‘He wouldn’t leave me alone’: Newcastle’s girls’ experiences of sexual harassment

‘There was nothing I could do to prevent it’


TW: Discussions of sexual assault

The case of Sarah Everard has sparked a nation-wide conversation on women’s safety, with The Guardian stating that 97 per cent of women between the ages of 18-24 have been sexually harassed. The Newcastle Tab spoke to female students in Newcastle to share their experiences with sexual harassment.

‘He grabbed me’

Even with nights out being halted by the coronavirus pandemic, some of the sexual harassment students have faced in clubs lingers on. Unsolicited contact and inappropriate touching is a recurring theme The Newcastle Tab found when speaking to female students.

One Newcastle student told us: “In my first year at university, during one of my first nights out, my friends and I went to a club, where a guy grabbed my crotch as I walked past him. He was stood by the stairs and in hindsight was clearly waiting to do this to what I imagine was lots of girls that night.

“When I turned around he had managed to blend into the crowd. It was a fleeting moment but also made me realise that there was this entitlement to my body and there was nothing I could do to prevent it.”

Another student recalled she was on a night out when she was harassed – she was dancing with her friends and having a good night when a man she had never had any interaction with came over and grabbed her backside. He then said, “let’s go back to yours”.

A third student mentioned how she had kissed a man on a night out, wanting to leave it there but he persisted. She said: “I remember how I kept trying to get back to my friends and he just wouldn’t leave me alone”. She stated that even then, he started “feeling her up”.

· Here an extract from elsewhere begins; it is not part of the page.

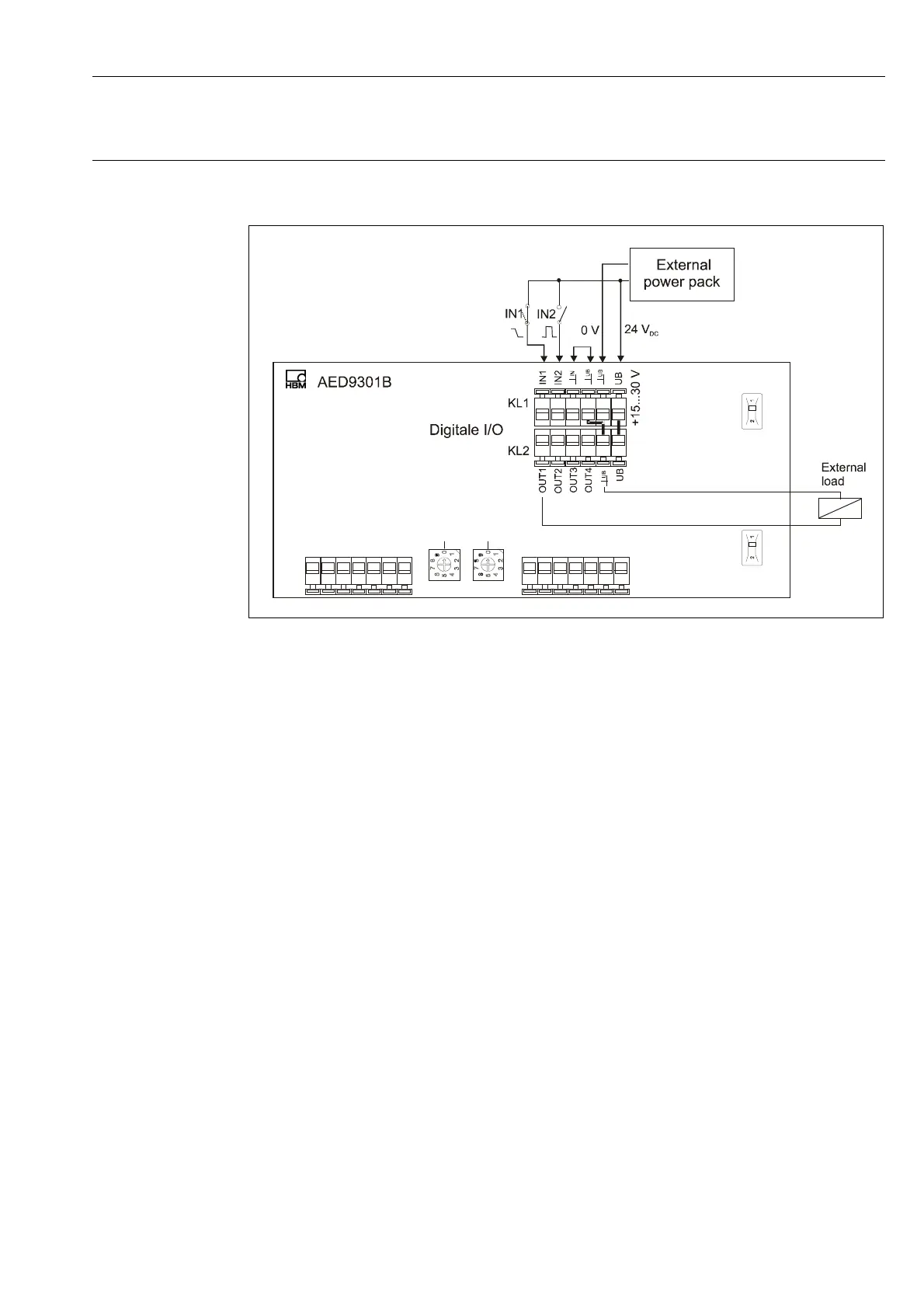 Fig. 3.4-2: Connection of digital inputs and outputs, inputs and external power pack not electrically

‘It happens in broad daylight’

Sexual harassment is not only experienced on a night out. In her first year of uni, one of the girls The Newcastle Tab spoke to recollects that she was on her way home from the Northumbria SU when she encountered a group of men. She cut through the campus, believing she would be safer, but the men started shouting things at her.

When they shouted “hey beautiful, where you going” and “hey don’t ignore us”, she sped up. She said she was lucky the traffic lights were on green so she could walk across the road faster, otherwise, she feared it could have been an entirely different story.

Another student told her story of how she and a friend were exploring the city in their first year of university, when a man rolled down his car window and shouted “show us the hole you piss out of”.

“I’ve been on the Metro, when it was absolutely rammed in rush hour and I couldn’t really move, and a guy has felt me up. I normally kick off but I heard other girls have been followed home if they’ve stood up for themselves, so now I just have to let it happen as sad as that is.”

Sexual harassment experiences shouldn’t be classed as just “inescapable aspects of being a woman”. Every girl The Newcastle Tab spoke to had at least one story to tell about being harassed by men. It doesn’t happen because of alcohol or because of clothing, it doesn’t happen because it’s late at night; it happens because men fail to understand the significance of women’s safety, and it has to change.